Bazemore v. Friday, 478 U.S. 385 (1986), is a United States Supreme Court case in which the Court held that a regression analysis does not have to account for every possible factor that could influence salary in order to be considered as evidence of discrimination.

== Background ==

The case of Bazemore v. Friday originated from a lawsuit filed by black employees of the North Carolina Agricultural Extension Service, a public agency providing agricultural education and services. The plaintiffs alleged that the agency was practicing racial discrimination in its salary decisions, violating Title VII of the Civil Rights Act of 1964. The agency had previously operated separate programs for black and white employees, and although it had integrated the programs, it continued to pay the black employees less than their white counterparts.

== Lower Courts' Decisions ==

The District Court and the Fourth Circuit Court of Appeals initially ruled in favor of the defendant, stating that the plaintiffs had failed to prove that the salary disparities were due to racial discrimination. The courts argued that the plaintiffs' regression analysis, which was used to demonstrate the wage gap, was insufficient because it did not account for all possible factors influencing salary.

== Supreme Court Ruling ==

The case was then appealed to the Supreme Court. In a unanimous decision, the Court reversed the lower courts' rulings. The Court held that a regression analysis does not need to include every conceivable variable to be admissible as evidence of discrimination. The Court stated that the plaintiffs had met their burden of proof by showing a significant disparity in pay between black and white employees, and that the defendant had failed to provide a non-discriminatory explanation for this disparity.

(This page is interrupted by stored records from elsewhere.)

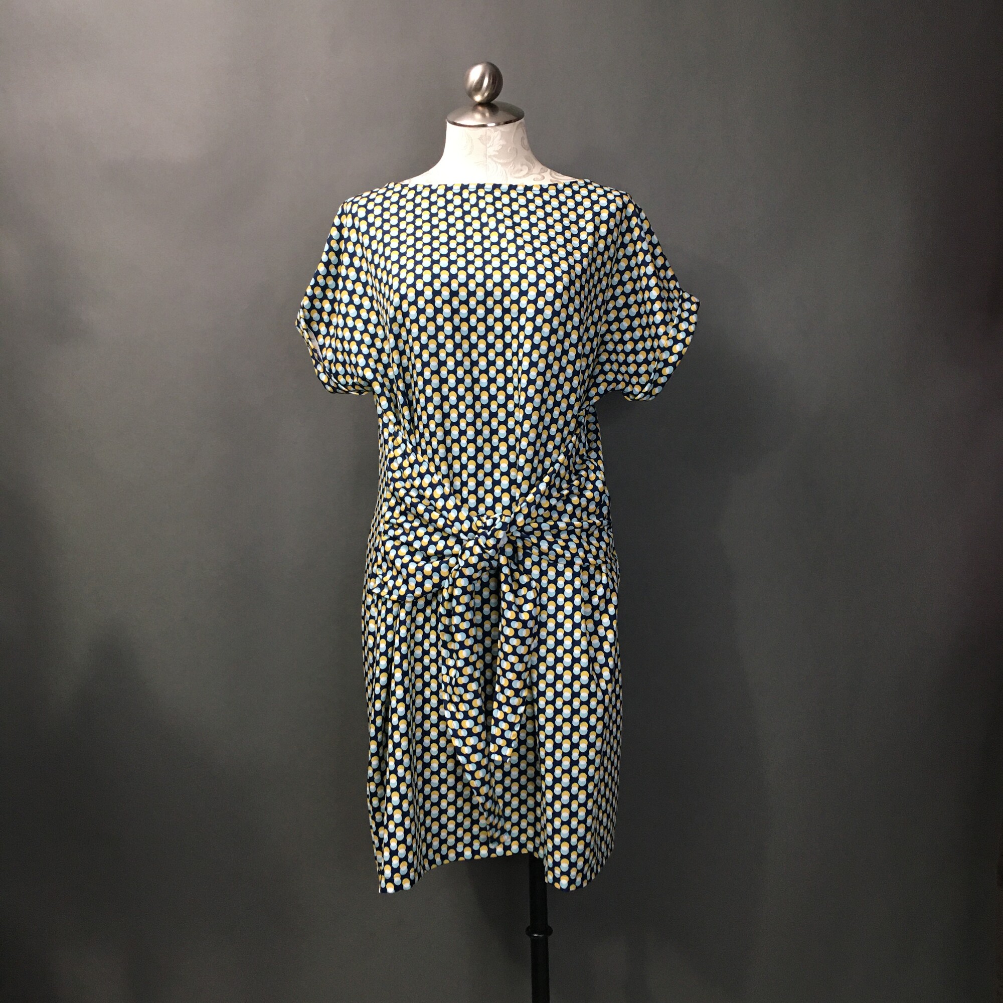 Laura Estrada, Pattern, Size: M. Laura Estrada, Pattern, Size: M sleeveless ,55% polyester / 45% rayon short cuffed sleeves,round collar shift that ties in front. Polka dot print in ochre,teal,navy and white. This is a light pull over, cute round neck unlined dress. This dress falls just below the knees (pending height), and is a probable fit for size 6. Please see the measurements. There are no material tags. Great fun travel dress! Columbian designer Laura Estrada is exclusive to L'Unique Boutique in CT. This dress is one of a kind!
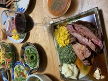 50℃の湯煎で20分という、何でもレンチンの時代にはやや手間のかかる調理法ですが、この時間さえもスパイスの一種。皿の上にプライムリブとアカンパニメンツが揃った時の眼福も味わいの大切な要素です。
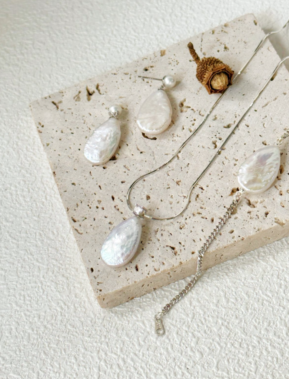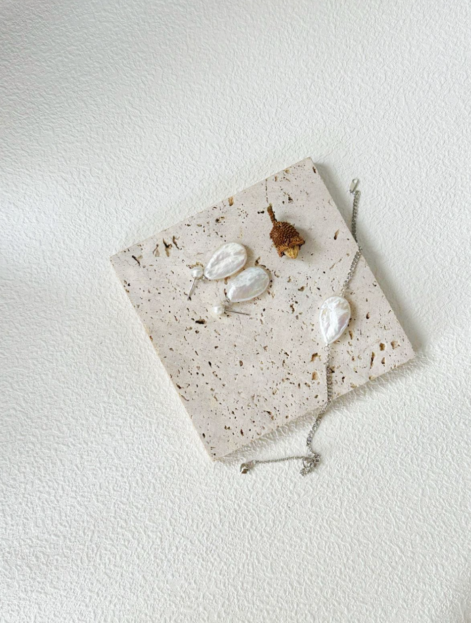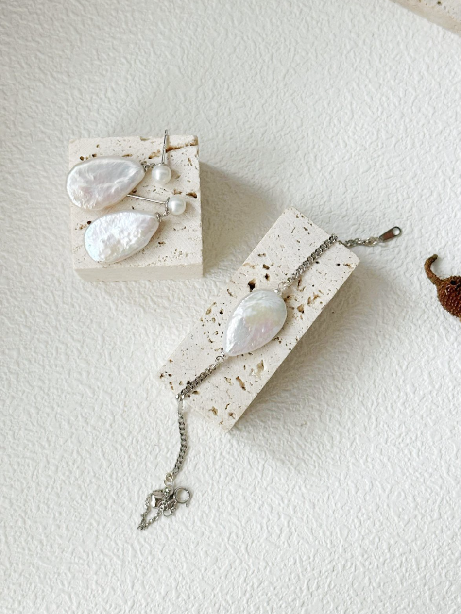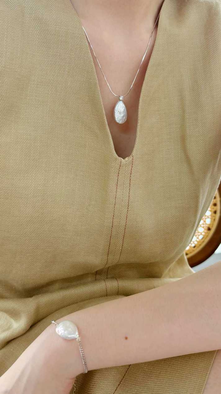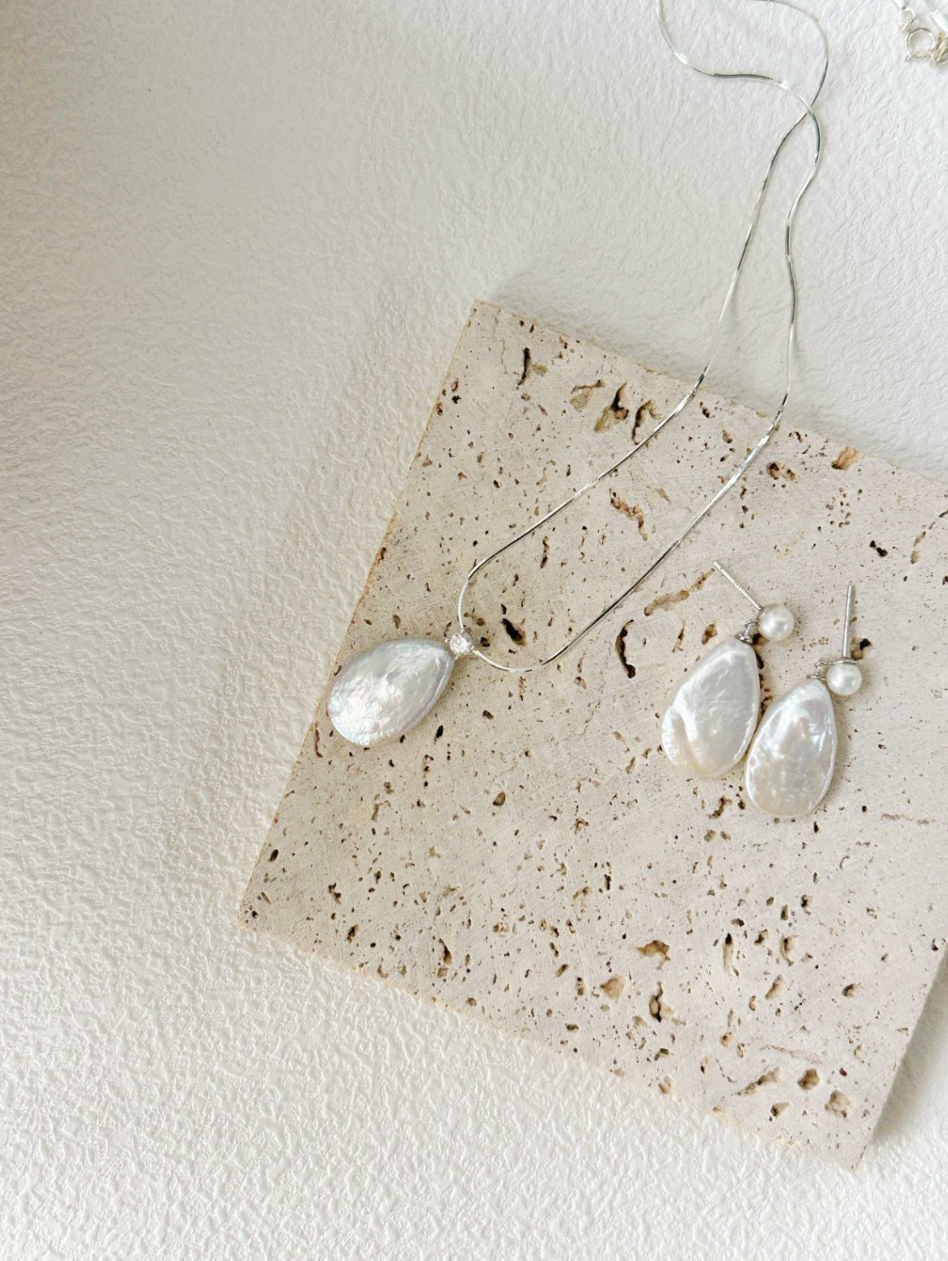 Light as a breath, soft as a morning mist — the Grand Luminous Dewdrop Set gathers all three pieces of this poetic collection into one harmonious ensemble. With a necklace, earrings, and bracelet each centered on a single teardrop pearl, this set speaks to purity, balance, and beauty in every detail.
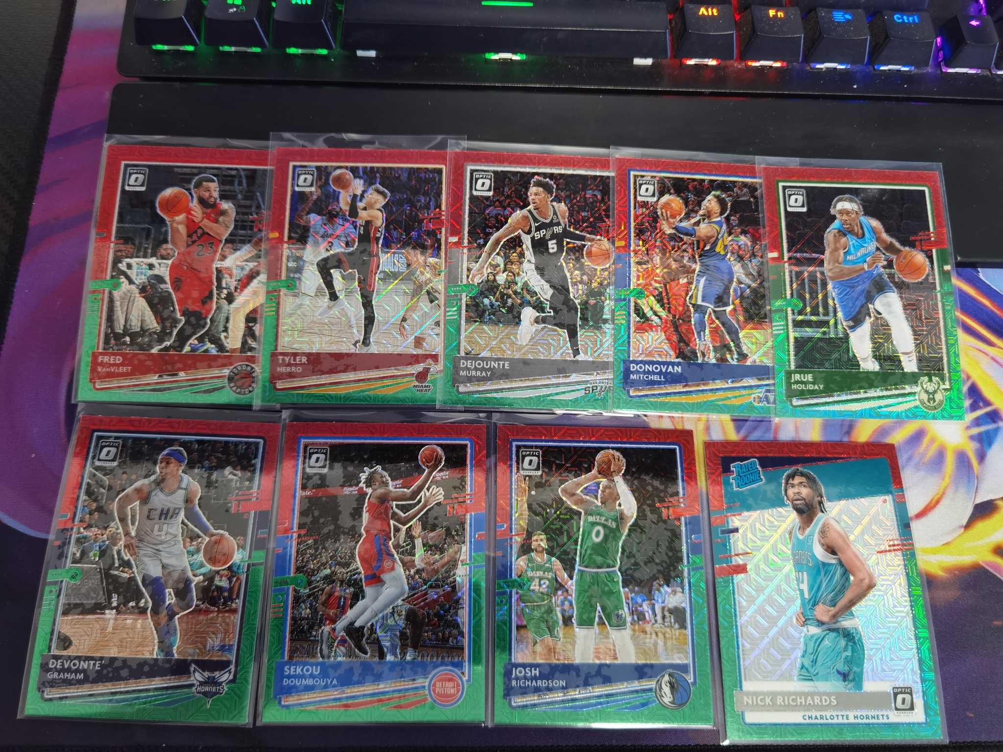 2020-21 Panini Donruss Optic Fred VanVleet 范弗里特 泰勒希罗 德章泰穆雷 多诺万米切尔 朱霍勒迪等 9张 红绿mojo折 折射 特卡 投资收藏佳品专收凑套必备
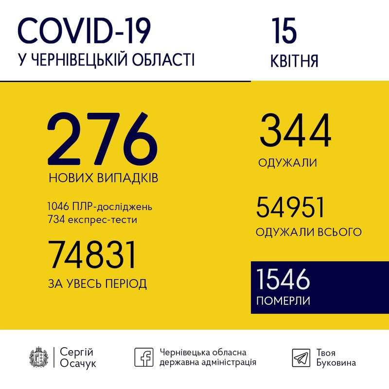 15 квітня на Буковині виявили 276 нових випадків коронавірусу.
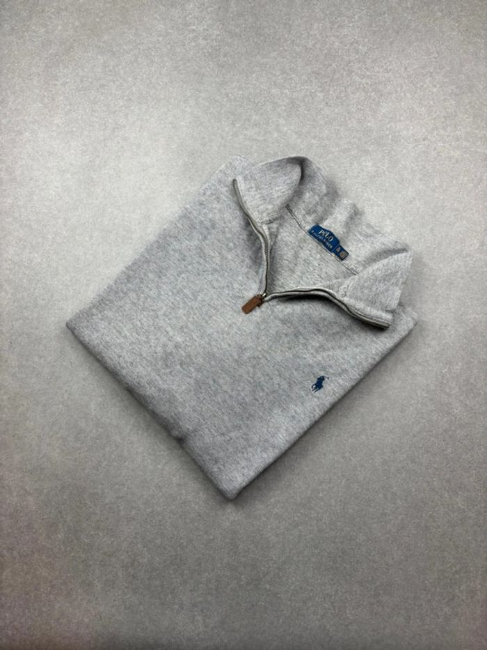 Pull d’hiver half zip 1/4 zip Ralph Lauren gris logo bleu marine taille XL - photo numéro 1
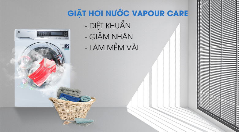Máy giặt Electrolux EWF14113 được trang bị công nghệ giặt hơi nước Vapour Care giúp giặt sạch cả những vết bẩn bám chặt trên quần áo, giảm thiểu 99,9% vi khuẩn và các tác nhân gây dị ứng, mẩn ngứa trên quần áo, quần áo của gia đình bạn sẽ luôn luôn sạch sẽ và được bảo vệ tối đa.
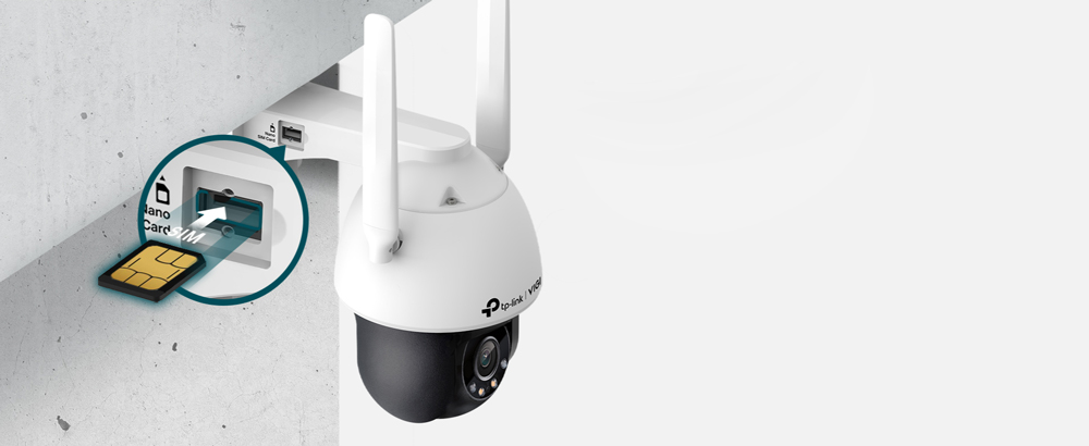 ไม่จำเป็นต้องเชื่อมต่อเครือข่ายผ่านสาย เพียงเสียบซิมการ์ดแบบนาโน จากนั้นกล้องของคุณก็พร้อมเชื่อมต่อเครือข่ายมือถือ 4G LTE ด้วยการติดตั้งที่ไม่ยุ่งยากให้คุณสอดส่องได้อย่างง่ายดายแม้ในสถานที่ที่ไม่มีอินเทอร์เน็ต เช่น ฟาร์มปศุสัตว์, ป่า, หรือไซต์งานก่อสร้าง
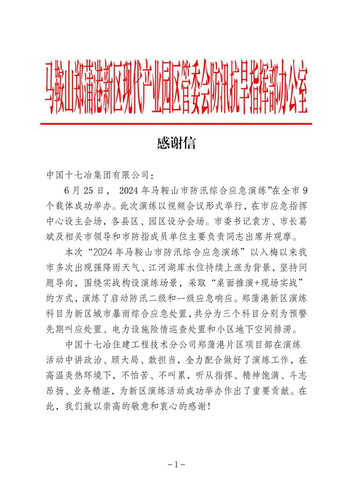 7月9日,马鞍山郑蒲港新区管委会防汛抗旱指挥部办公室向中国十七冶集团致表扬信,对住建分公司郑蒲港片区项目部全力配合“2024年马鞍山市防汛综合应急演练—郑蒲港演练科目”予以肯定。
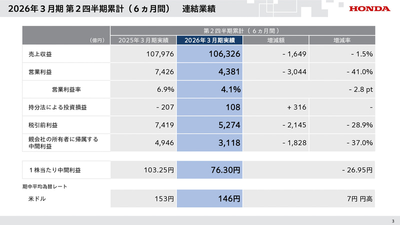 本田技研工業は11月7日、2026年3月期第2四半期決算説明会を開催。2026年3月期第2四半期累計(2025年4月〜9月)の連結業績は、売上収益10兆6326億円(前年同期比1.5%減)、営業利益4381億円(前年同期比41.0%減)、税引前利益5274億円(前年同期比28.9%減)、親会社の所有者に帰属する中間利益は3118億円で、営業利益率は4.1%となった。
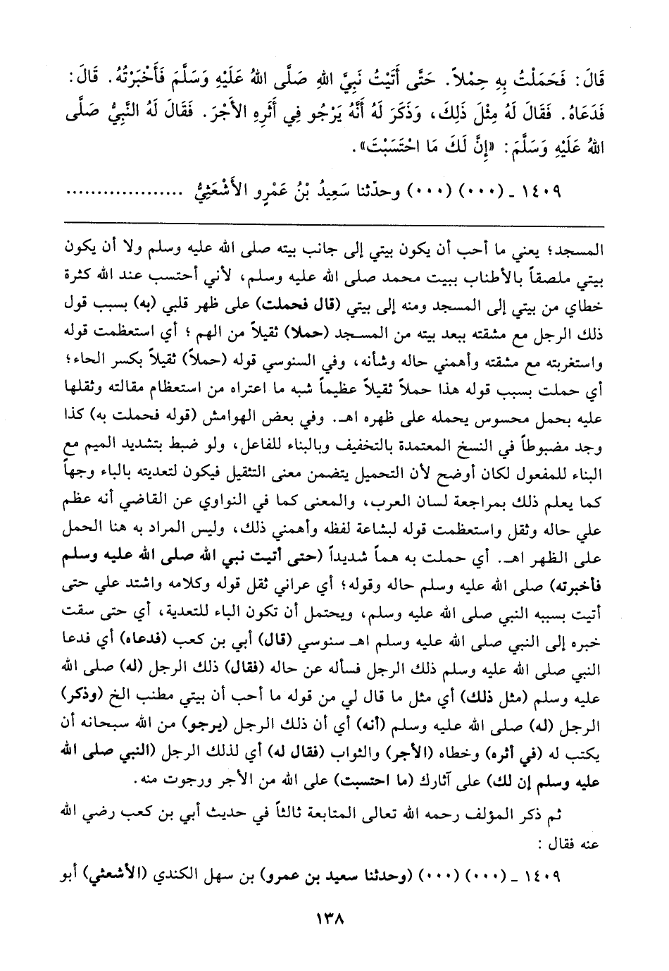 المسجد؛ يعني ما أحب أن يكون بيتي إلى جانب بيته صلى الله عليه وسلم ولا أن يكون بيتي ملصقًا بالأطناب ببيت محمد صلى الله عليه وسلم، لأني أحتسب عند الله كثرة خطاي من بيتي إلى المسجد ومنه إلى بيتي (قال فحملت) على ظهر قلبي (به) بسبب قول ذلك الرجل مع مشقته ببعد بيته من المسجد (حملًا) ثقيلًا من الهم؛ أي استعظمت قوله واستغربته مع مشقته وأهمني حاله وشأنه، وفي السنوسي قوله (حملًا) ثقيلًا بكسر الحاء؛ أي حملت بسبب قوله هذا حملًا ثقيلًا عظيمًا شبه ما اعتراه من استعظام مقالته وثقلها عليه بحمل محسوس يحمله على ظهره اهـ. وفي بعض الهوامش (قوله فحملت به) كذا وجد مضبوطًا في النسخ المعتمدة بالتخفيف وبالبناء للفاعل، ولو ضبط بتشديد الميم مع البناء للمفعول لكان أوضح لأن التحميل يتضمن معنى التثقيل فيكون لتعديته بالباء وجهًا كما يعلم ذلك بمراجعة لسان العرب، والمعنى كما في النواوي عن القاضي أنه عظم علي حاله وثقل واستعظمت قوله لبشاعة لفظه وأهمني ذلك، وليس المراد به هنا الحمل على الظهر اهـ. أي حملت به همًا شديدًا (حتى أتيت نبي الله صلى الله عليه وسلم فأخبرته) صلى الله عليه وسلم حاله وقوله؛ أي عراني ثقل قوله وكلامه واشتد علي حتى أتيت بسببه النبي صلى الله عليه وسلم، ويحتمل أن تكون الباء للتعدية، أي حتى سقت خبره إلى النبي صلى الله عليه وسلم اهـ سنوسي (قال) أبي بن كعب (فدعاه) أي فدعا النبي صلى الله عليه وسلم ذلك الرجل فسأله عن حاله (فقال) ذلك الرجل (له) صلى الله عليه وسلم (مثل ذلك) أي مثل ما قال لي من قوله ما أحب أن بيتي مطنب الخ (وذكر) الرجل (له) صلى الله عليه وسلم (أنه) أي أن ذلك الرجل (يرجو) من الله سبحانه أن يكتب له (في أثره) وخطاه (الأجر) والثواب (فقال له) أي لذلك الرجل (النبي صلى الله عليه وسلم أن لك) على آثارك (ما احتسبت) على الله من الأجر ورجوت منه.
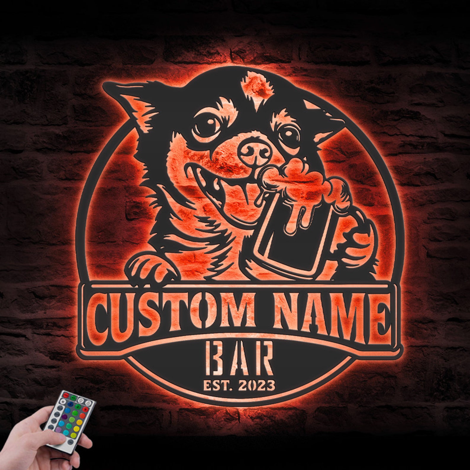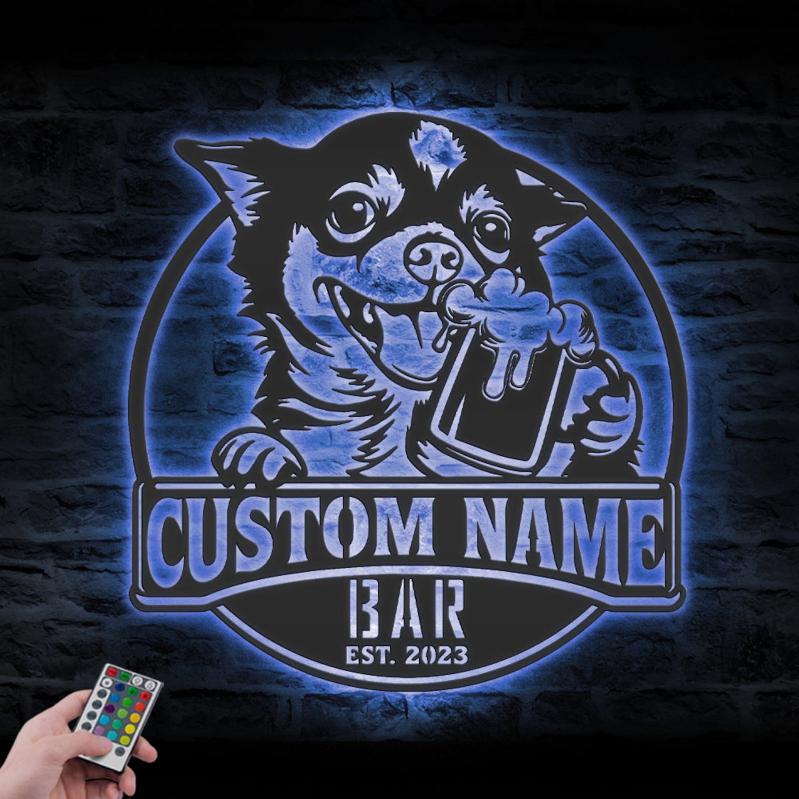 Be the first to review “Custom Funny Chihuahua Beer Pub Metal Wall Art – LED Light, Personalized Sign”
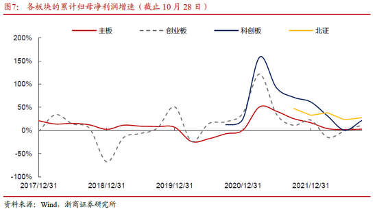 分板块来看,披露口径下以整体法统计,科创板前三季度归母净利润增长21%,环比中报增速提升20个百分点,在各板块中脱颖而出。
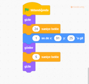 Ardından hız kesmeden Scratch hareket menüsünden konumuna git seçeneğini alıp üzerinde yazılı olan değerleri giriyoruz. Scratch görünüm menüsünden göster bloğunu, kontrol menüsünden 1 saniye bekle bloğunu alıyoruz ve 1 yazan yeri 4 yazarak değiştiriyoruz. Son olarak Scratch görünüm menüsünden gizle bloğunu alıp yerleştirerek bu kod parçasını da sonlandırıyoruz.

Justice Brennan delivered the opinion of the Court.

== Impact and legacy ==

The decision in Bazemore v. Friday has had a significant impact on employment discrimination lawsuits. It has clarified the standards for statistical evidence in such cases, making it easier for plaintiffs to prove discrimination. The case has been cited in numerous subsequent court decisions and has influenced the development of employment law in the United States.